Death and Destruction in the Garden

Death and Destruction in the Garden


I love my English Garden.  It has numerous plants in it I haven’t even identified yet and they delight me when they suddenly bloom at odd times during the year.  Also, I have spent a good deal of time in the garden putting in new plants and working on the old ones and doing general gardening type things, EXCEPT the weed pulling and cutting grass and raking leaves which I hate and for which we have a gardener.  Love my gardener too as he lets me know which plants are weeds and should be removed or when to put in bulbs of one kind or another.  That said, be advised that I have a very dark brown thumb, almost black, in that in other locations we have lived, my garden has never prospered or done well and I am very good at killing things, like the very plants that are now blooming voraciously.  Now that this dark secret about me is out in the open, my English garden seems to forgive my dark brown thumb and things grow in spite of it so another reason to love it.


Last week I found some dahlias on sale at the local nursery and couldn’t resist getting a 6 pack and sticking them wherever I could find an empty spot.  They were doing quite well last week in their new homes.  However, this week, it looks as if war has been declared on them.  Every blossom was gone and every leaf eaten clean away.  I have a green stick with smaller green sticks sprouting out of in in each place where previously there was a nice dahlia blossom.  And the destruction did not appear to be limited to the one species.  Some of my lilies looked to have some munch marks on them and the potato vine.  As I walker further around my house, I could see the hop plant had a few signs of destruction too.  Some killers stalk my garden.


I have the means and technology and money to spring for the best to get rid of   these monsters of death.  Normally, I like to live and let live but when it comes to my garden, I am going to blast away the slugs and snails that come to feast on my hard work.  It’s not easy keeping things alive with a dark brown thumb and I don’t need the help to kill something.  I’m sure that the slugs and snails have a purpose but I haven’t figured out what it is yet.  So out comes the slug killer and I sprinkled it around my plants yesterday while evilly thinking of death to the guerrillas.

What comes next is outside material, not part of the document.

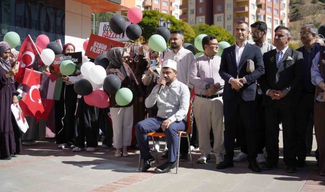 Gümüşhane'de Gazze için balonlar gökyüzüne bırakıldı

YUCK.  I am the dispenser of death to these slugs but I don’t want to see it.  I am faint of heart when it comes to the actual visual effect.  I want to kill in the darkness and have them tidily slither away to die in a dark corner and fertilize my garden.  So I was less than delighted when I came home from dropping my husband off at work and found two huge banana slugs (not sure what they are called here but they are big and evil looking and nasty looking and BIG and slimy and nasty) that had crawled out of the garden and onto the brick wall, probably hoping to evade death and destruction by escaping the pellets of poison.  It was too late for them though and they were busy releasing their slime on my brick wall as they crawled to their death.  It is their death curse to release as much slime as possible.  Ugh.  Several of their smaller cousins were there too.  Take that to me they seemed to be saying!  Kill us but we will slime to the final end!  I managed to scoop them all onto a paper and stomped them to ensure their immediate death.  I didn’t want them to suffer long agonizing death throes.  I am not a monster after all.


The deed is done.  I put out more slug killer in case I missed a spot.  But now my brick wall is slimed and I have no clue how to get it off of the bricks.  The slime seems almost permanently adhered to the bricks and it’s thick and gooey and just all around ugly.  I am not touching it at all.  This is England, after all.  It will rain a lot this week or next and hopefully Mother Nature will forgive me for slaying some of her noxious creatures and clean my brick wall for me.


The war continues I know.  Some will escape and come back for the next round of munching on my precious plants.  The scents must call to them and they probably come marching up from the golf course and the woods to the lure of my plants.  I’ll get them though.  I’ll get them.